(Extracted records)

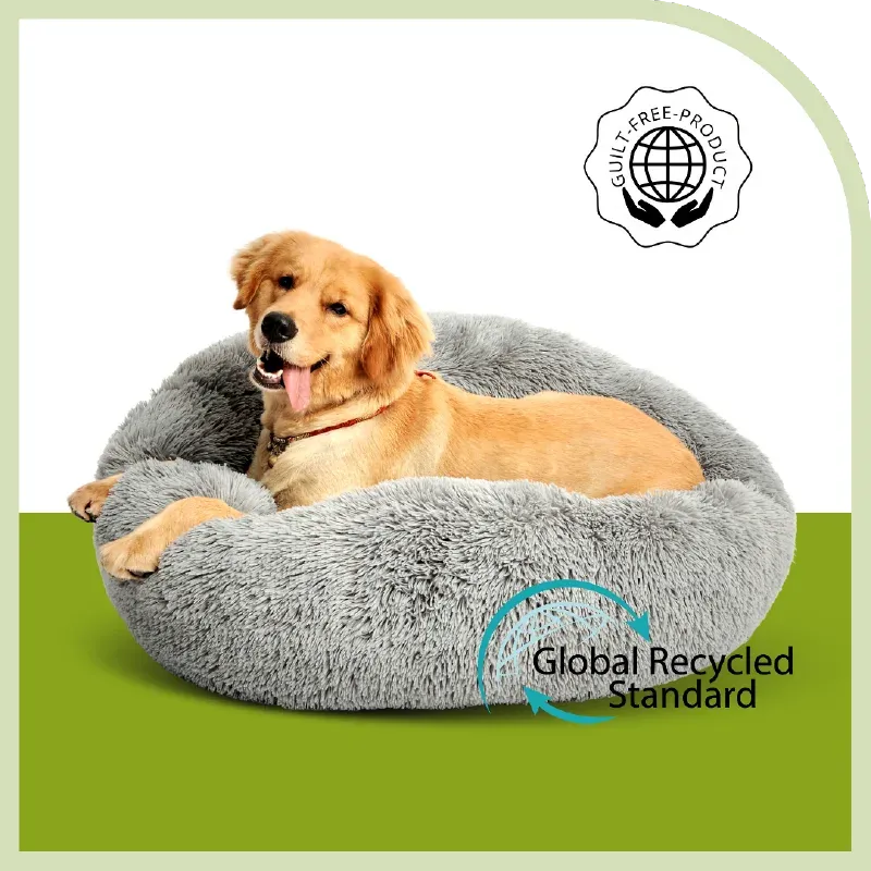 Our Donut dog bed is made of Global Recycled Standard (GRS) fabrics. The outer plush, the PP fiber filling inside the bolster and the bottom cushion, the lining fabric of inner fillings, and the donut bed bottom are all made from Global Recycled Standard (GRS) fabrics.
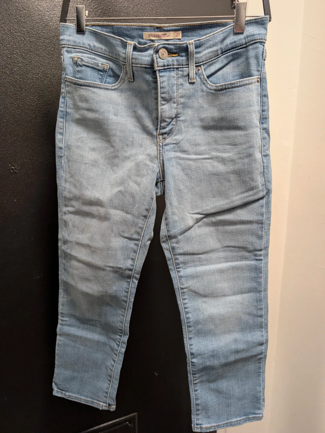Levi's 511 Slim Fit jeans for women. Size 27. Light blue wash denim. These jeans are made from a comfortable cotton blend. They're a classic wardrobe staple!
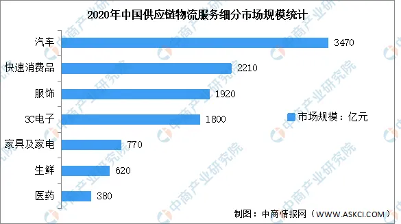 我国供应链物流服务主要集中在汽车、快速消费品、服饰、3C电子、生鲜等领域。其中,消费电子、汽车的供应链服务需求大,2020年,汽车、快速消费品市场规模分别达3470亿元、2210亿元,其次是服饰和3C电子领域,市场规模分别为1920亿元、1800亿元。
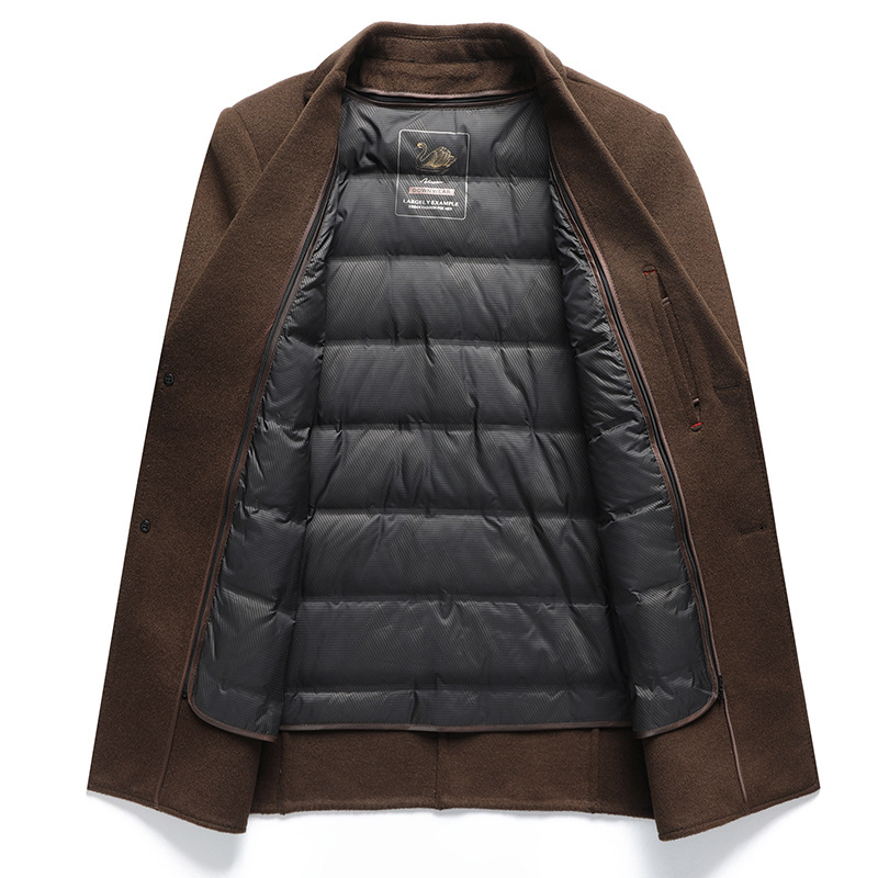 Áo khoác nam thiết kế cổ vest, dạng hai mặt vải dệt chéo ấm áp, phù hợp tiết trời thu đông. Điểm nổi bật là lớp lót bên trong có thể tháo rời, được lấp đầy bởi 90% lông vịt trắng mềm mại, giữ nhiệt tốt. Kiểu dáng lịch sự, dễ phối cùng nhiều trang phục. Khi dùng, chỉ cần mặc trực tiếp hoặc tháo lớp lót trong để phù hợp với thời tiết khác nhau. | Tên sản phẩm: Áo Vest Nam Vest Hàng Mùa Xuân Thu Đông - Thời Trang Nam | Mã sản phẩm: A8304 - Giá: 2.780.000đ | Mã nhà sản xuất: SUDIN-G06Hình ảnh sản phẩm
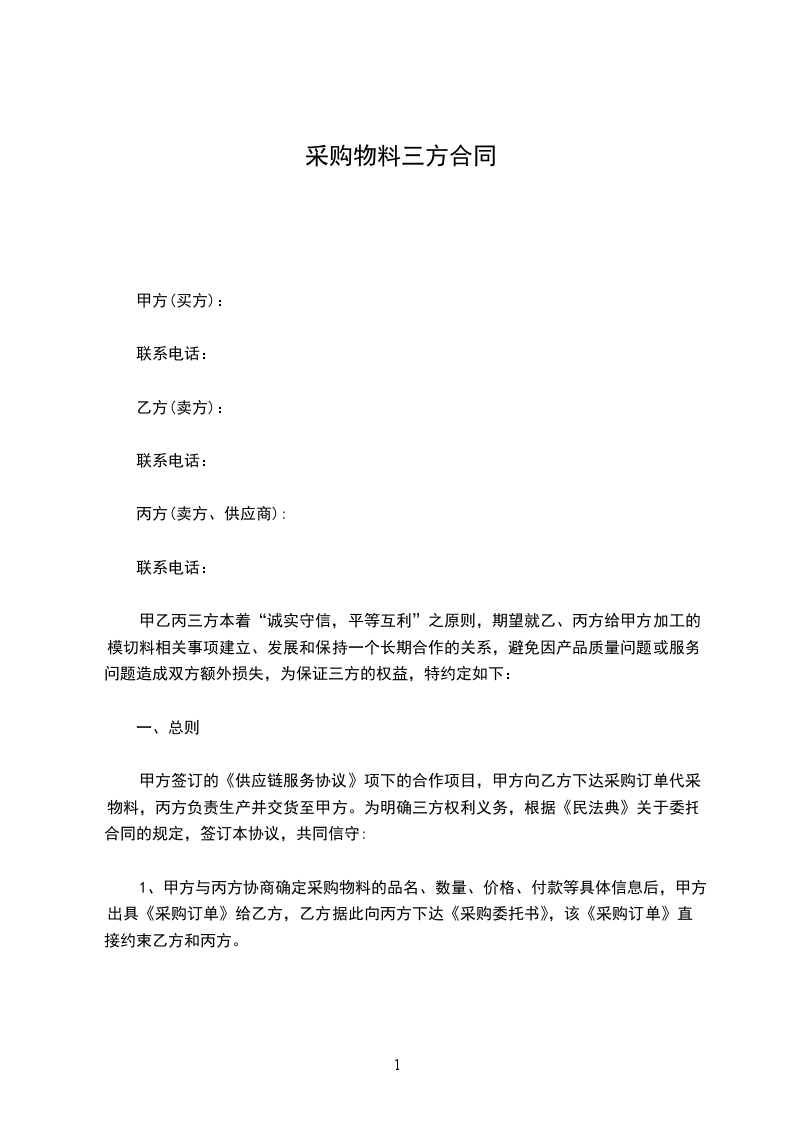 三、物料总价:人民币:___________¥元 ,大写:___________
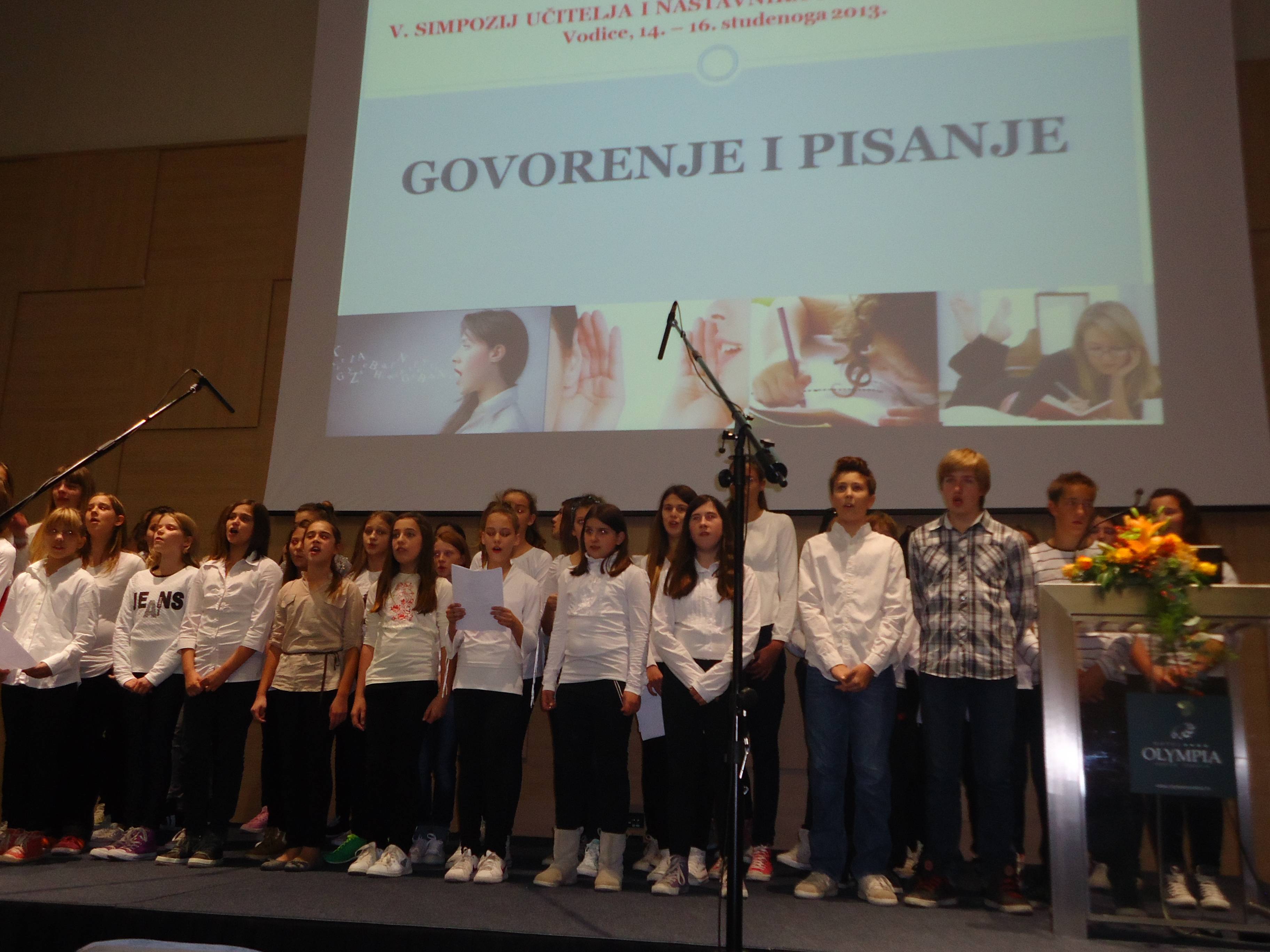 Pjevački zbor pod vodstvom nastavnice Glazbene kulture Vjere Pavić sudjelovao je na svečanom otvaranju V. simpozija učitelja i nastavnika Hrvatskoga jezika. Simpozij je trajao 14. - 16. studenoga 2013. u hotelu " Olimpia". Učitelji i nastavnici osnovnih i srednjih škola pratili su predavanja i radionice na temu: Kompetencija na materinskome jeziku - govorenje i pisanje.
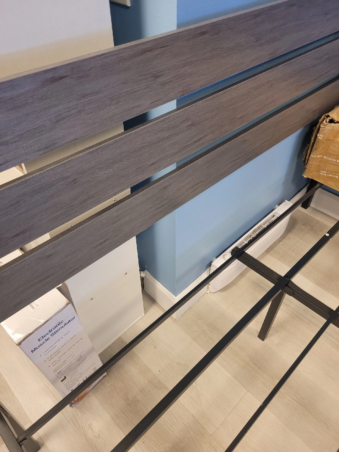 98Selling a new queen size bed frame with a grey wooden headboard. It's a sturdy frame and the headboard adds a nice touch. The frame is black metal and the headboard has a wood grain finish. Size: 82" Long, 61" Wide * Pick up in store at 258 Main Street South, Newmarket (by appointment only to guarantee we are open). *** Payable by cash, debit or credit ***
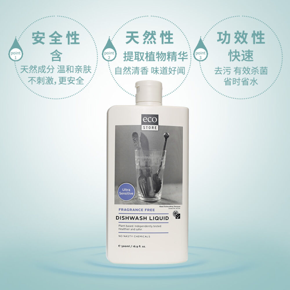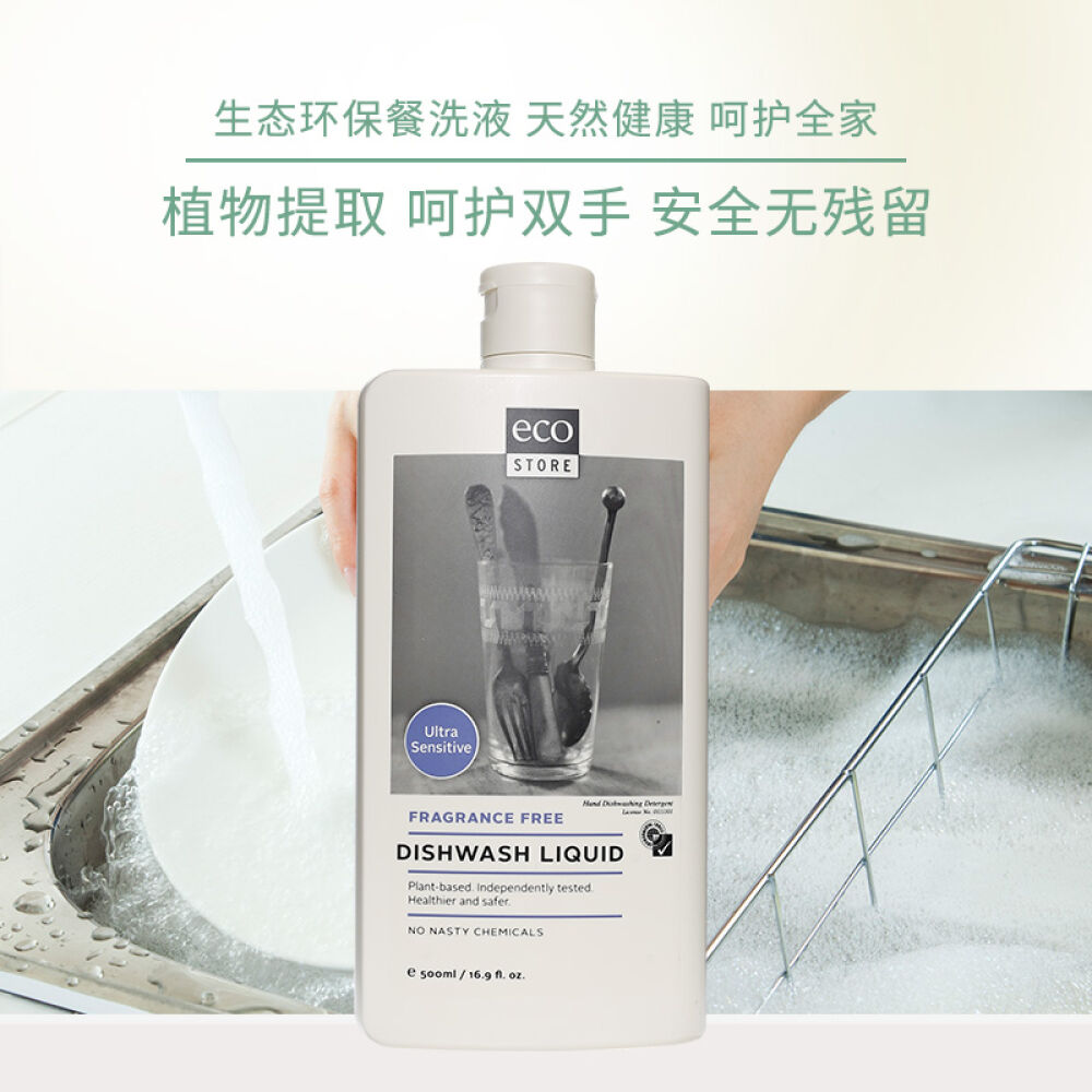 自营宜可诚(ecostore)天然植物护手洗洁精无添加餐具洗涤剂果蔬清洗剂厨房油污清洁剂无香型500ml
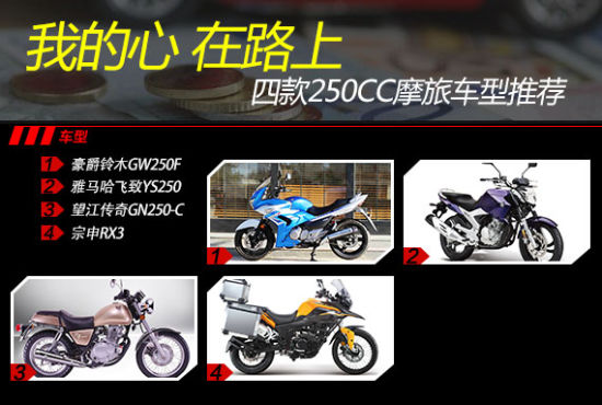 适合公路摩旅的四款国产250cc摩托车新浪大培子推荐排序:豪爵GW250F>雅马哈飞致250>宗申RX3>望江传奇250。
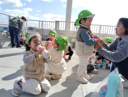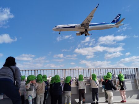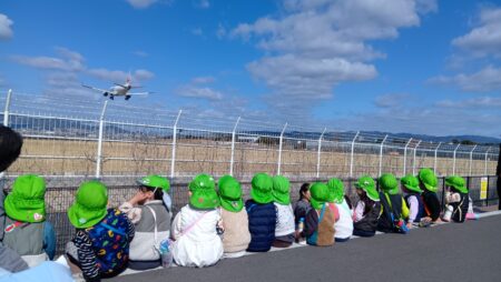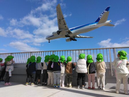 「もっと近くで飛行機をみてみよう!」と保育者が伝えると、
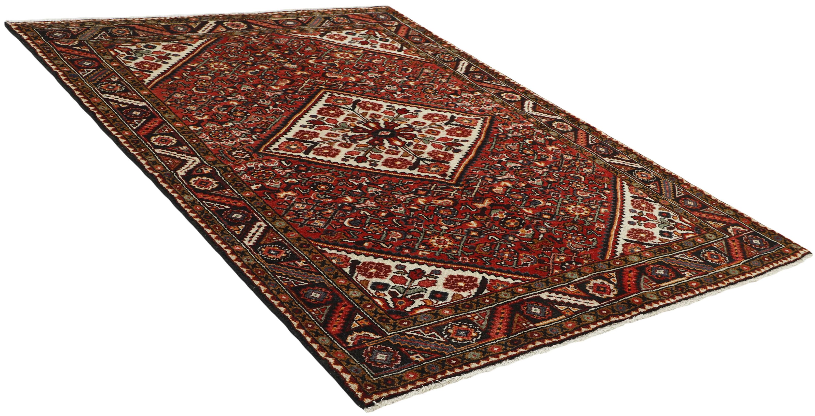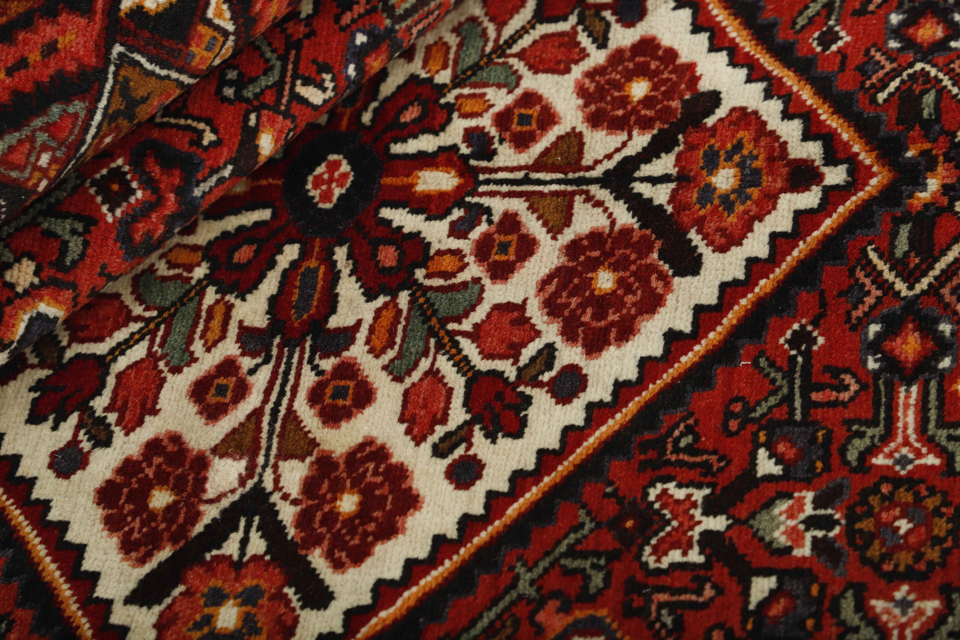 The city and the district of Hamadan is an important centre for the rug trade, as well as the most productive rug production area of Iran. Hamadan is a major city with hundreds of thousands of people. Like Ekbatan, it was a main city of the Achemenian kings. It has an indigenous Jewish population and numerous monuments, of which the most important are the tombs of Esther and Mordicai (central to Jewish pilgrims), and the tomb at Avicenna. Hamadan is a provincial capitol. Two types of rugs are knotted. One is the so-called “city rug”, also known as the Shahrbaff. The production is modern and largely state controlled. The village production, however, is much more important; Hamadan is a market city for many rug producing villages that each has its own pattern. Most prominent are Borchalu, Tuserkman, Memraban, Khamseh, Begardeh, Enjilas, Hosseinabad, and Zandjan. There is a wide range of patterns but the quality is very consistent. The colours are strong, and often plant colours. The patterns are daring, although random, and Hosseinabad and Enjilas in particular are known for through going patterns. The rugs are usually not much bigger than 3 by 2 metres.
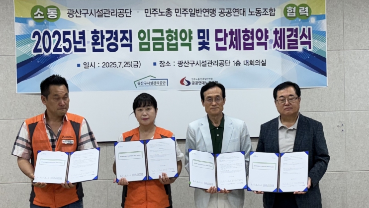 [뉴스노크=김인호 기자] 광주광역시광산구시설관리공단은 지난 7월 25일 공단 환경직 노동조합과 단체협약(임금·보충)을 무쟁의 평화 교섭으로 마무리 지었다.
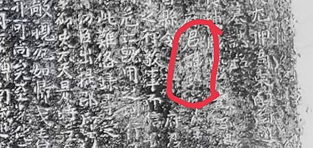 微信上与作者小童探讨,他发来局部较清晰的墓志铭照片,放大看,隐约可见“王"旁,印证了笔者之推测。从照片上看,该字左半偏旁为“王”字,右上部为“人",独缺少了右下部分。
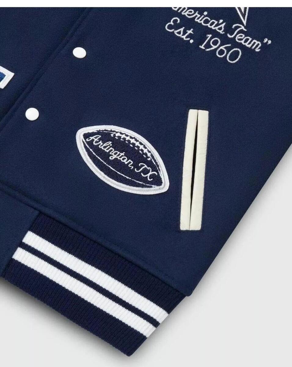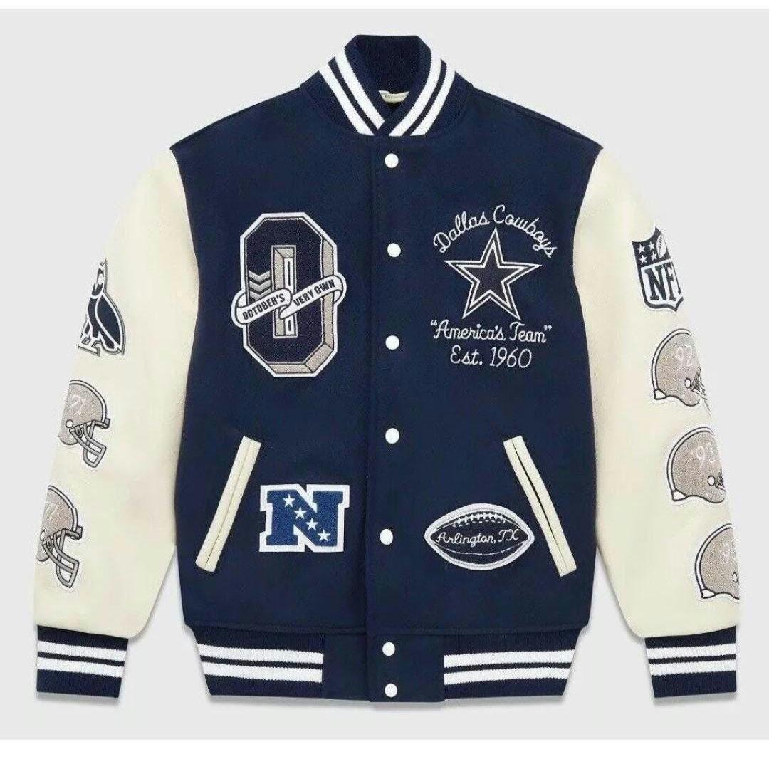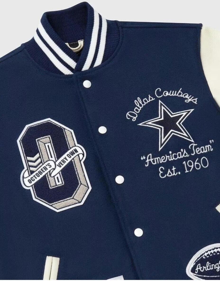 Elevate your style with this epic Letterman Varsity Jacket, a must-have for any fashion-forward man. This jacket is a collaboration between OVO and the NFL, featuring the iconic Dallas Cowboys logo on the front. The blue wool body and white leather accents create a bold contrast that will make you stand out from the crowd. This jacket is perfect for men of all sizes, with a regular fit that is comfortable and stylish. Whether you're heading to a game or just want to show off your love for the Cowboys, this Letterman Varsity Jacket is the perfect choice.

Prompt —
Print nothing but the lines above starting with the line that contains "适合公路摩旅的四款国产250" and going on through the line that contains "[뉴스노크=김인호 기자] 광주광역시광산구시설관리공단은". Leave out the pictures.

Completed task —
 适合公路摩旅的四款国产250cc摩托车新浪大培子推荐排序:豪爵GW250F>雅马哈飞致250>宗申RX3>望江传奇250。
 「もっと近くで飛行機をみてみよう!」と保育者が伝えると、
 The city and the district of Hamadan is an important centre for the rug trade, as well as the most productive rug production area of Iran. Hamadan is a major city with hundreds of thousands of people. Like Ekbatan, it was a main city of the Achemenian kings. It has an indigenous Jewish population and numerous monuments, of which the most important are the tombs of Esther and Mordicai (central to Jewish pilgrims), and the tomb at Avicenna. Hamadan is a provincial capitol. Two types of rugs are knotted. One is the so-called “city rug”, also known as the Shahrbaff. The production is modern and largely state controlled. The village production, however, is much more important; Hamadan is a market city for many rug producing villages that each has its own pattern. Most prominent are Borchalu, Tuserkman, Memraban, Khamseh, Begardeh, Enjilas, Hosseinabad, and Zandjan. There is a wide range of patterns but the quality is very consistent. The colours are strong, and often plant colours. The patterns are daring, although random, and Hosseinabad and Enjilas in particular are known for through going patterns. The rugs are usually not much bigger than 3 by 2 metres.
 [뉴스노크=김인호 기자] 광주광역시광산구시설관리공단은 지난 7월 25일 공단 환경직 노동조합과 단체협약(임금·보충)을 무쟁의 평화 교섭으로 마무리 지었다.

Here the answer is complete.